The term "premises", which is a standard legislative term, is substituted, as "hereditament" is used in rating legislation but not more generally. Entitlements to appoint are no longer ascertained by reference to rateable values, so a rating term is inappropriate.Amendment No. 5 would insert "workforce" as a principal definition in the Bill by relocating the definition currently set out in clause 4(2). That relocation is appropriate as a matter of drafting, given the adoption of the work force criterion to generate the right to appoint in place of rateable values.
Promoters amendments Nos. 6, 7 and 8 make changes to clause 2(2) consequent on the removal of references to rateable values and hereditaments. The practical effect of the subsection is unaltered. Promoters amendment No. 149, originally tabled as No. 9, is central to the changes now being proposed. It would add a new section, 6(1)(c), to section 6 of the City of London (Various Powers) Act 1957, which deals with electoral qualifications, and provides for the entitlement of a qualifying body to appoint any individual to be decided on the basis of the size of the work force.

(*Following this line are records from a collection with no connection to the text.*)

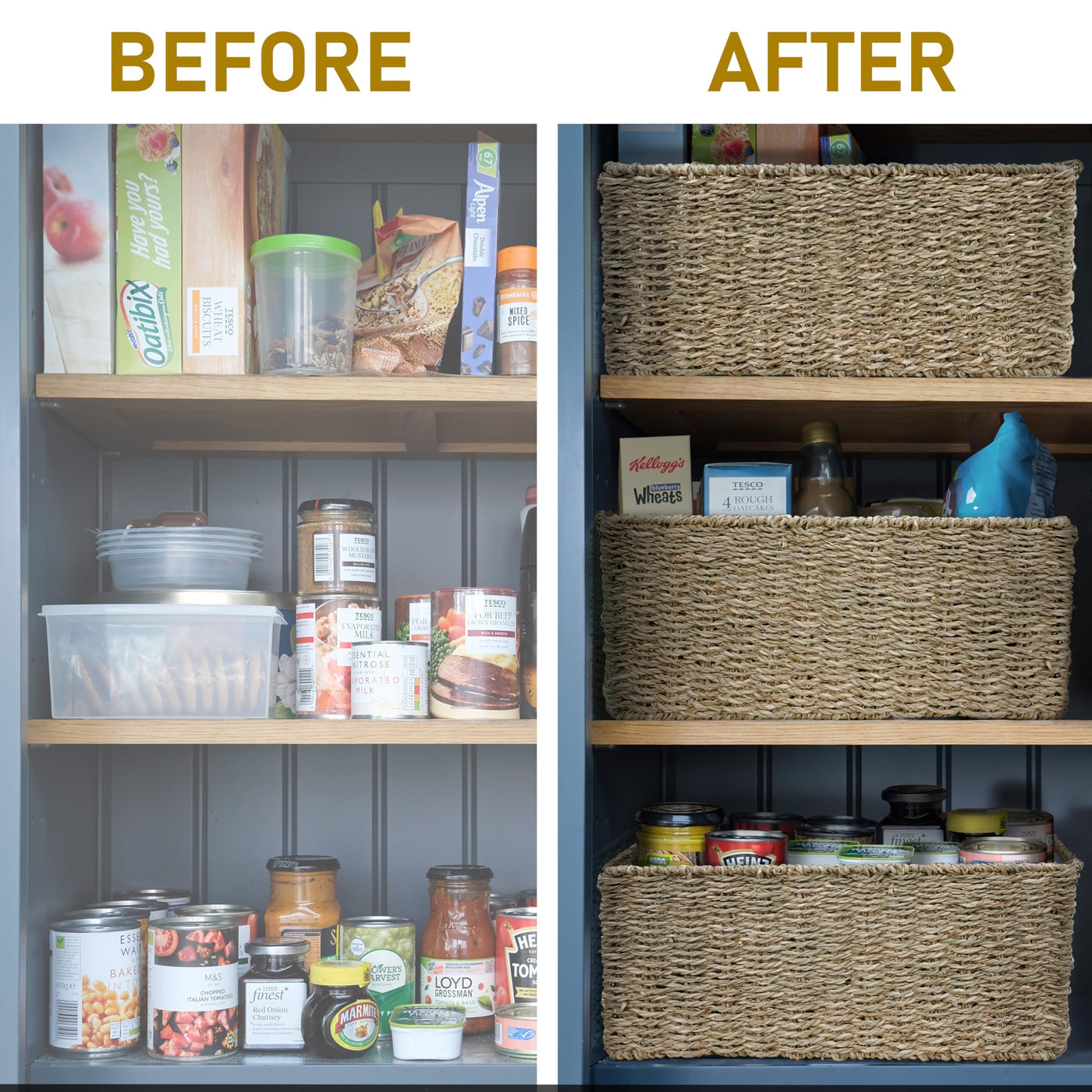 • Q: What materials are used to make these baskets? A: The baskets are crafted from natural seagrass, providing a stylish and eco-friendly storage solution.
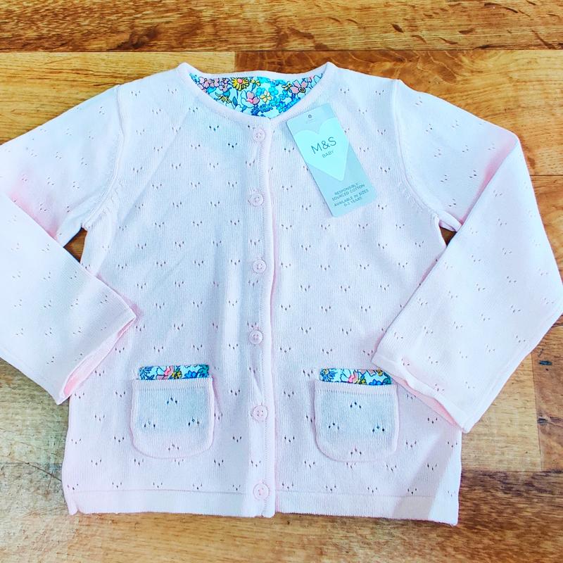 В'язана кофточка на гудзиках Marks & Spencer. Колір ніжно-рожевий. Розмір: - 18-24 міс.(90 см) - 2-3 роки ( 98 см)
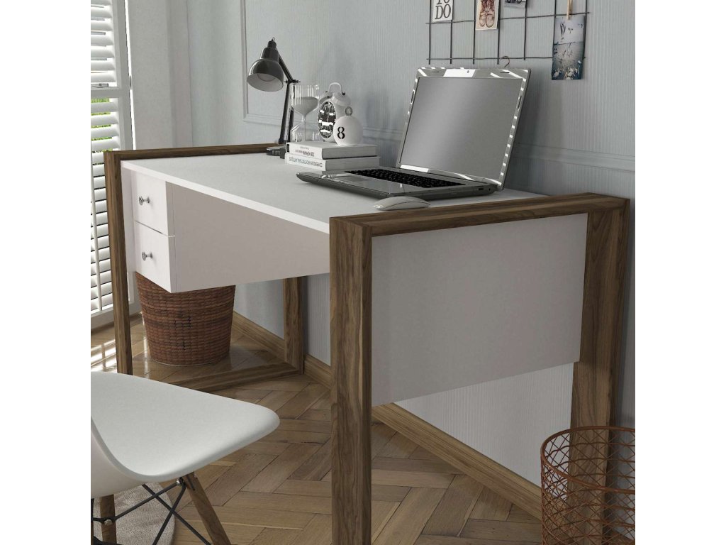 Písací stôl SULTAN, biela/orech
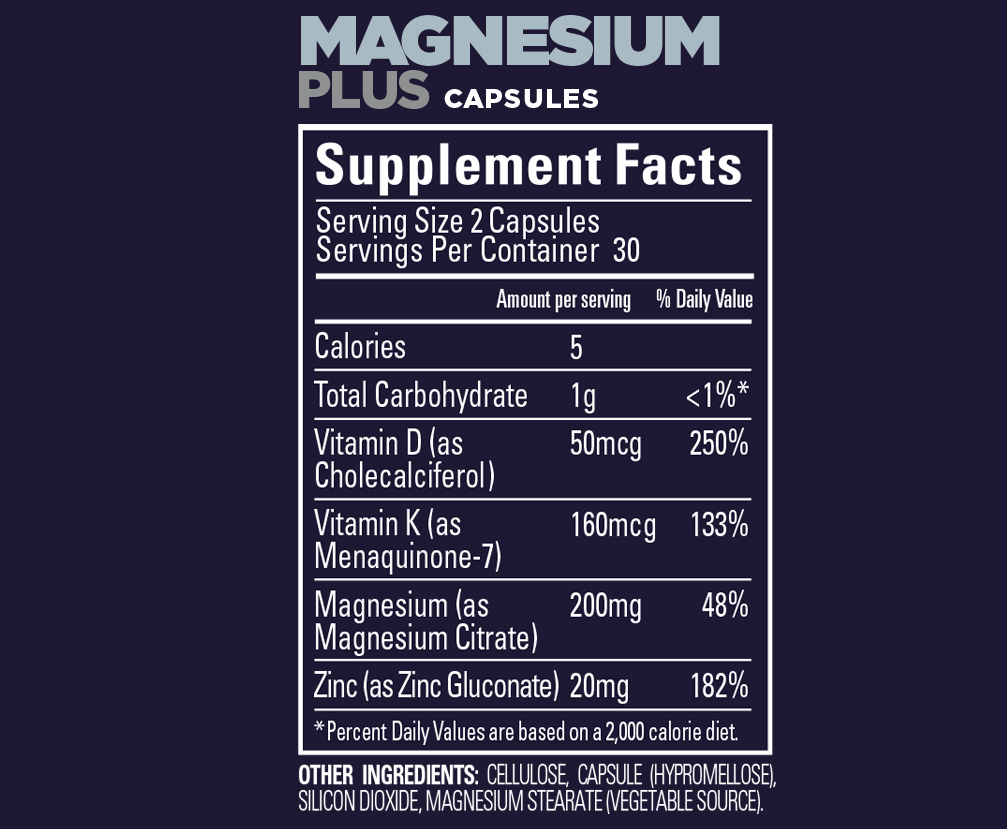 Οι κάψουλες GU Roctane Μagnesium Plus παρέχουν 200mg μαγνησίου στη δόση και είναι εμπλουτισμένες με 50mg βιταμίνης D και 160mg βιταμίνης Κ. Οι βιταμίνες D και Κ είναι εξαιρετικά σημαντικές για τους αθλητές αντοχής καθώς συνεργάζονται για την προώθηση της οστικής και καρδιαγγειακής υγείας.
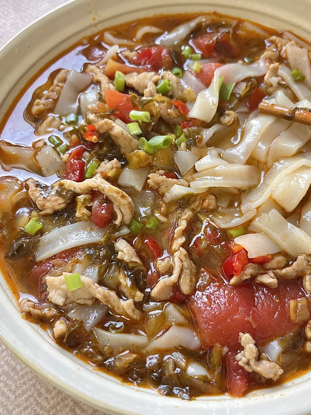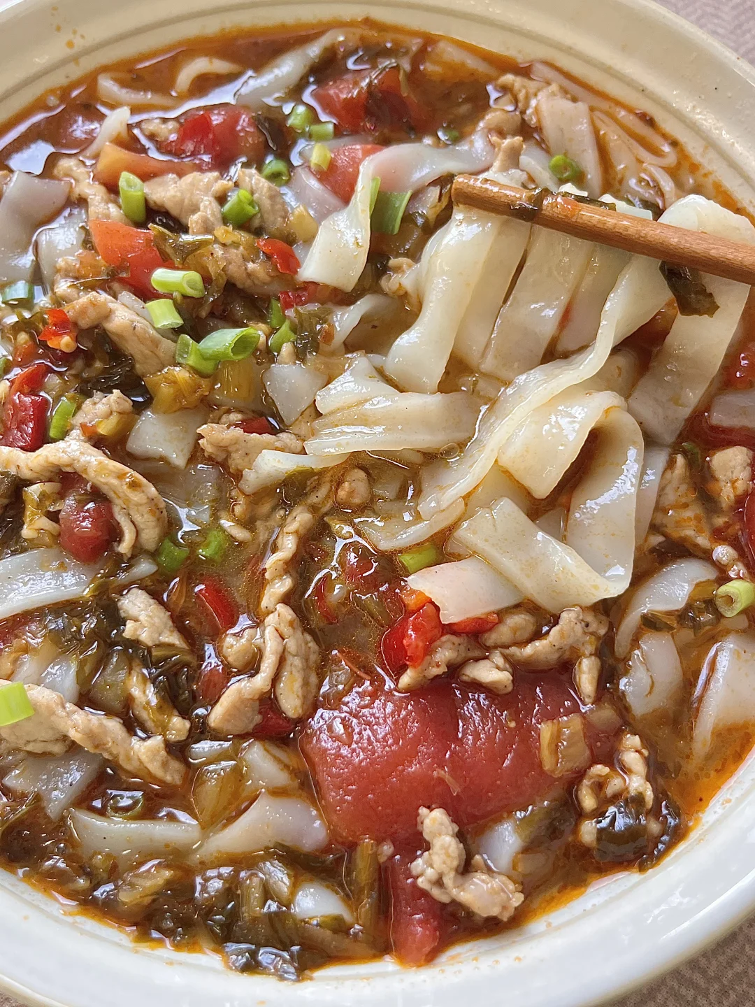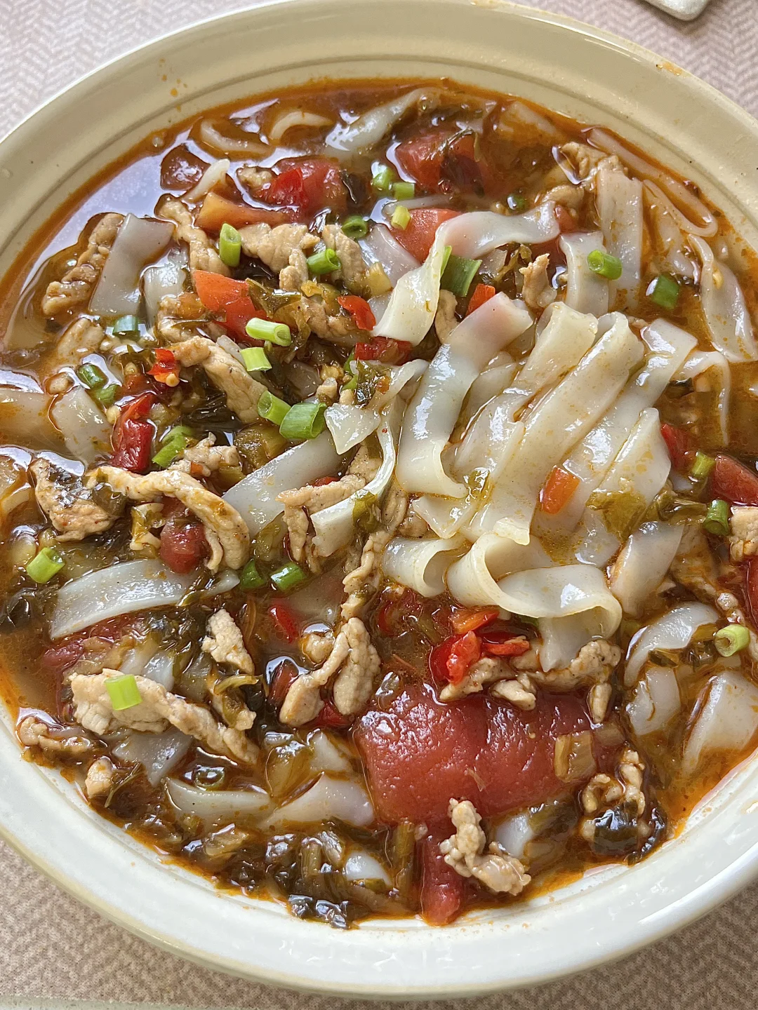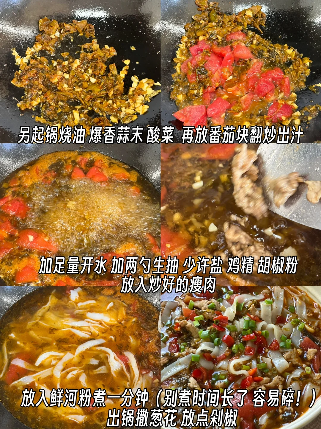 附做法: 1️⃣猪瘦肉切丝,放一勺生抽、一勺蚝油、少许胡椒粉、淀粉、食用油抓匀,腌制十五分钟 2️⃣番茄切块备用;起锅烧油,瘦肉炒熟盛出备用 3️⃣另起锅烧油,爆香蒜末、酸菜,放番茄块翻炒出汁,加足量开水,加两勺生抽、少许盐、鸡精、胡椒粉 4️⃣再放入瘦肉、放鲜河粉(煮一分钟就行了,不然容易碎),出锅撒葱花、放点剁椒✅ -
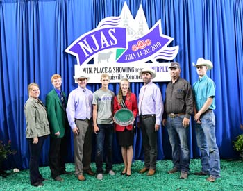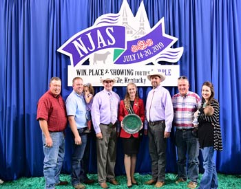 Jayce Dickerson, Paradise, Kan., won premier junior breeder at the 2019 National Junior Angus Show (NJAS), July 14-20 in Louisville, Ky. Pictured from left are Stephanie Dickerson; Grady Dickerson; Andy Higgins, judge; Jayce Dickerson; Madison Weaver, Miss American Angus; Scott Bush, judge; David Dickerson; and Ethan Dickerson. Photo by Pearls Pics, on behalf of the American Angus Association.

New subsection (1A) sets out the extent of the entitlement. For a work force of up to five, one person may be appointed. Each additional five members of the work force will generate an entitlement of one additional appointment, up to work forces of 50. In the case of work forces over 50, the entitlement is tapered. The work force must increase by a further 50 before an entitlement to make an additional appointment arises.
The taper was selected to avoid dominance by larger firms, and to achieve a total electorate that would not produce a larger component of business voters than the Bill does now. In fact the projected figure declines by about 1,500, giving a total City electorate of approximately 38,500.